Tidely is brutally fast. Check out our benchmarking suite to see how we stack up against `PyJanitor`, `Pandera`, `ydata-profiling`, and `Great Expectations`.

### 100,000 Rows (19MB DataFrame)
| Tool | Time (s) | Memory Peak (MB) |
|------|----------|-----------------|
| **Tidely** | **1.02s** | **113.79** |
| Pandera | 1.18s | 14.38 |
| PyJanitor | N/A* | N/A* |
| Great Expectations | N/A* | N/A* |
| ydata-profiling | N/A* | N/A* |

*\*Note: As of Pandas 2.x/3.x, `pyjanitor` and `ydata-profiling` have severe internal breaking changes that cause crashes. Great Expectations V1.0+ has completely removed its standard `from_pandas` API.*

Despite producing a massively detailed heuristic semantic analysis AND executing data transformations, **Tidely is still faster than pure schema-validation libraries like Pandera**.

## 🤝 Contributing

We welcome contributions! Please see our [Contributing Guide](CONTRIBUTING.md) for details on how to set up your development environment, run tests, and submit pull requests.

---

## 📚 API Reference

### `tidely.inspect(df: Any) -> DatasetProfile`
Generates a comprehensive diagnostic profile.
- **df**: The input data (Pandas DataFrame, Polars DataFrame/LazyFrame, PyArrow Table).
- **Returns**: A `DatasetProfile` object. Call `.show()` to render it in the terminal.

### `tidely.plan(df: Any) -> RepairPlan`
Generates a deterministic cleaning plan without mutating the data.
- **df**: The input data.
- **Returns**: A `RepairPlan` object. Call `.show()` to view the plan, and `.execute()` to run the transformations.

### `tidely.clean(df: Any) -> pl.DataFrame`
Automatically plans and executes all recommended data cleaning transformations.
- **df**: The input data.
- **Returns**: A pristine Polars DataFrame.

---

## ❓ FAQ

**Q: Does Tidely overwrite my original data?**
No. Tidely always returns a new, sanitized DataFrame. It never mutates your data in place.

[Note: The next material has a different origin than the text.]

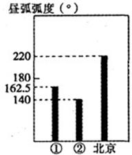 小题2:根据南北半球的对称性可知,与北京纬度相同的南半球的地点昼弧为140°,结合南半球昼夜长短随纬度的变化规律知②纬度高于①,那么三者比较可得出①<②=北京的结论。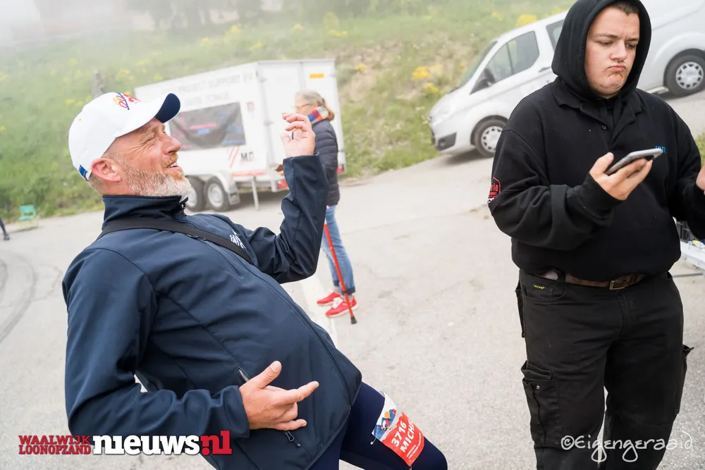 Het is zwaar, stijl, ver en deze ochtend koud. Langzaam aan begon de lucht dicht te trekken en zag je nog maar een paar meter voor je. Met personenvervoer worden we naar boven gebracht. Yswald en ik stappen uit tussen bocht 3 en 2. Moeders Sjanny en Diana laten zich naar de finish vervoeren. Yswald en ik moeten de mist in, de berg op naar bocht 2. Ik had al respect voor de lopers, maar dat respect was alleen maar gegroeid toen we bij bocht 2 aan kwamen.

**Q: Why does Tidely use Polars internally?**
Polars is written in Rust, utilizes lazy execution graphs, and is inherently multi-threaded. This allows Tidely to inspect and clean datasets magnitudes faster than native Pandas.

**Q: Can I run this on huge datasets?**
Yes. You can pass a Polars `LazyFrame` to `tidely.clean()` and it will utilize streaming `collect(streaming=True)` if the queries fit out-of-core memory bounds.

**Q: How does it know a column is a GSTIN or PAN?**
Tidely uses a deep semantic engine combining specialized regex heuristics and checksum algorithms (like Luhn and Verhoeff) to deterministically validate PII/Financial tokens.